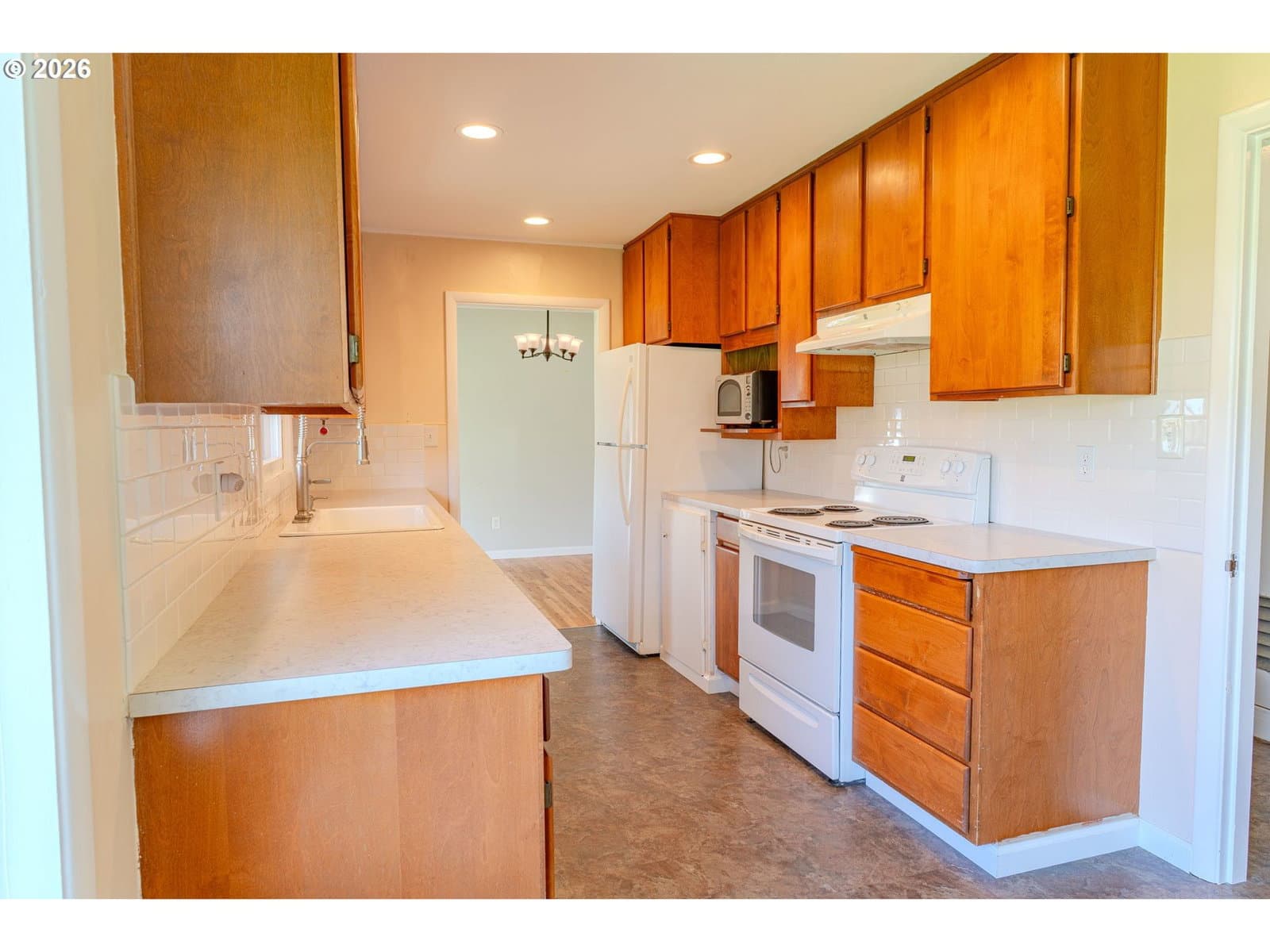 Move-in ready and centrally located in the heart of Clatskanie, this home offers comfort, character, and flexibility. This 2BD/1.5BA ranch-style house features solid hardwood floors throughout most of the space and a beautifully updated main bathroom. The spacious living room is warm and inviting with a cozy wood-burning fireplace, while the adjacent bonus room offers potential for a home office, playroom, exercise room, or easy conversion into a third bedroom. The updated kitchen features classic subway tile and a clean, light feel. Outside, enjoy a large fenced backyard - perfect for pets, entertaining, or relaxing.This is a wonderfully charming home with room to grow - don’t miss this one!!!
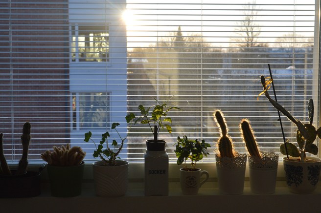Jag fortsätter med vardagssysslorna här hemma, eldar, kör en tvättmaskin och plockar bland grejer som ännu inte på sju månader hittat rätta platser i hemmet. Allt julpynt är nu borta och hyacinterna hade blommat ut så det åkte i sopcontainern igår. Har ofta lekt med tanken på att spara dem och plantera dem på våren och se om det kommer upp något ett år senare, men det har aldrig blivit av 🙂
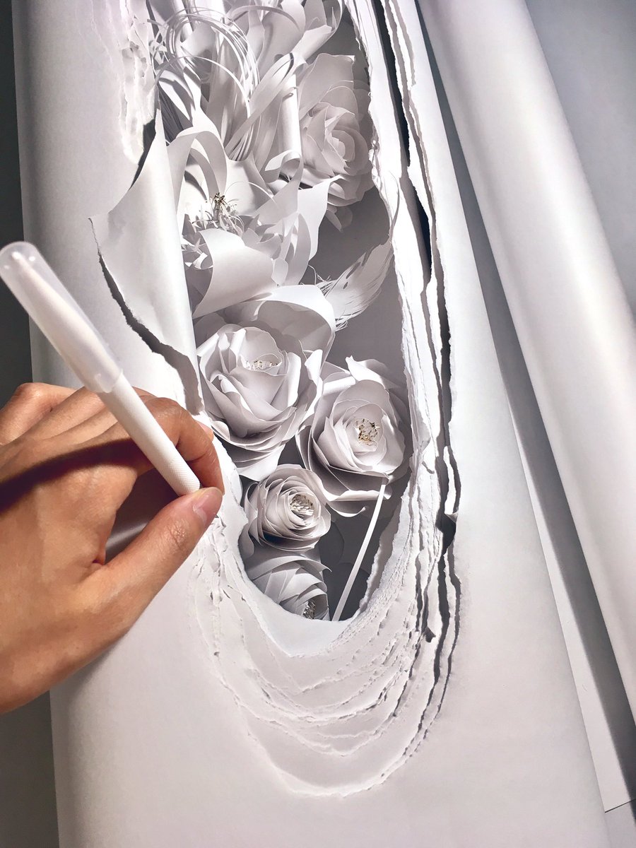 水と氷の切り絵作品。 自然の中に角ってほとんどないですよね。 どんなに尖って見える部分でも丸みや 揺らぎをもたせて丁寧に切っていくと、 遠くから全体を見た時にスッと心へ馴染む 気がします。 souma-wkh.com
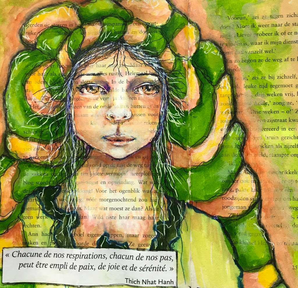 Het meisje ontstond spontaan. Ze draagt een eigen verhaal, dat ik niet ken, omdat ik de tekst in het oude boek nooit gelezen heb… Iedereen heeft ongelezen verhalen in zich… het is niet altijd nodig deze te vertellen. Ze zijn er, en vaak is dat meer dan genoeg. Die gedachte bracht ook rust. Gemoedsrust… die ik kwijt leek te zijn geraakt…
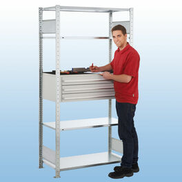 In diesem Kaiser Systeme Schubladenregal ist die Lagerung von Kleinteilen oder Werkzeug gemeinsam mit größeren Lagergütern sicher und geschlossen möglich. Der saubere, schnelle und übersichtliche Zugriff auf Kleinteile und Werkzeuge ist immer sichergestellt.weiter
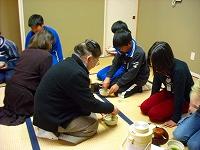 今日は「茶の湯」「和太鼓演奏」「尺八演奏」を選んだ3つのグループが、ボランティアの先生から話を聞いたり教えていただいたりしながら、実際に体験しました。
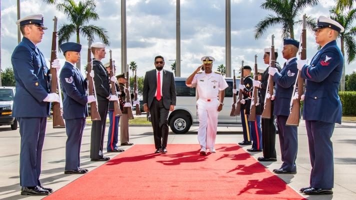 El 5 de diciembre pasado, Irfaan Ali visitó el Comando Sur en Guyana y se reunió con su nuevo comandante, el almirante de la Armada Alvin Holsey, para discutir la asociación de defensa bilateral. Cabe destacar que el mandatario egresó con honores del Centro William J. Perry de Estudios Hemisféricos de Defensa.

ABOUT THIS TASK
Retype the records verbatim, but not their images.

ANSWER BELOW
 Move-in ready and centrally located in the heart of Clatskanie, this home offers comfort, character, and flexibility. This 2BD/1.5BA ranch-style house features solid hardwood floors throughout most of the space and a beautifully updated main bathroom. The spacious living room is warm and inviting with a cozy wood-burning fireplace, while the adjacent bonus room offers potential for a home office, playroom, exercise room, or easy conversion into a third bedroom. The updated kitchen features classic subway tile and a clean, light feel. Outside, enjoy a large fenced backyard - perfect for pets, entertaining, or relaxing.This is a wonderfully charming home with room to grow - don’t miss this one!!!
Jag fortsätter med vardagssysslorna här hemma, eldar, kör en tvättmaskin och plockar bland grejer som ännu inte på sju månader hittat rätta platser i hemmet. Allt julpynt är nu borta och hyacinterna hade blommat ut så det åkte i sopcontainern igår. Har ofta lekt med tanken på att spara dem och plantera dem på våren och se om det kommer upp något ett år senare, men det har aldrig blivit av 🙂
 水と氷の切り絵作品。 自然の中に角ってほとんどないですよね。 どんなに尖って見える部分でも丸みや 揺らぎをもたせて丁寧に切っていくと、 遠くから全体を見た時にスッと心へ馴染む 気がします。 souma-wkh.com
 Het meisje ontstond spontaan. Ze draagt een eigen verhaal, dat ik niet ken, omdat ik de tekst in het oude boek nooit gelezen heb… Iedereen heeft ongelezen verhalen in zich… het is niet altijd nodig deze te vertellen. Ze zijn er, en vaak is dat meer dan genoeg. Die gedachte bracht ook rust. Gemoedsrust… die ik kwijt leek te zijn geraakt…
 In diesem Kaiser Systeme Schubladenregal ist die Lagerung von Kleinteilen oder Werkzeug gemeinsam mit größeren Lagergütern sicher und geschlossen möglich. Der saubere, schnelle und übersichtliche Zugriff auf Kleinteile und Werkzeuge ist immer sichergestellt.weiter
 今日は「茶の湯」「和太鼓演奏」「尺八演奏」を選んだ3つのグループが、ボランティアの先生から話を聞いたり教えていただいたりしながら、実際に体験しました。
 El 5 de diciembre pasado, Irfaan Ali visitó el Comando Sur en Guyana y se reunió con su nuevo comandante, el almirante de la Armada Alvin Holsey, para discutir la asociación de defensa bilateral. Cabe destacar que el mandatario egresó con honores del Centro William J. Perry de Estudios Hemisféricos de Defensa.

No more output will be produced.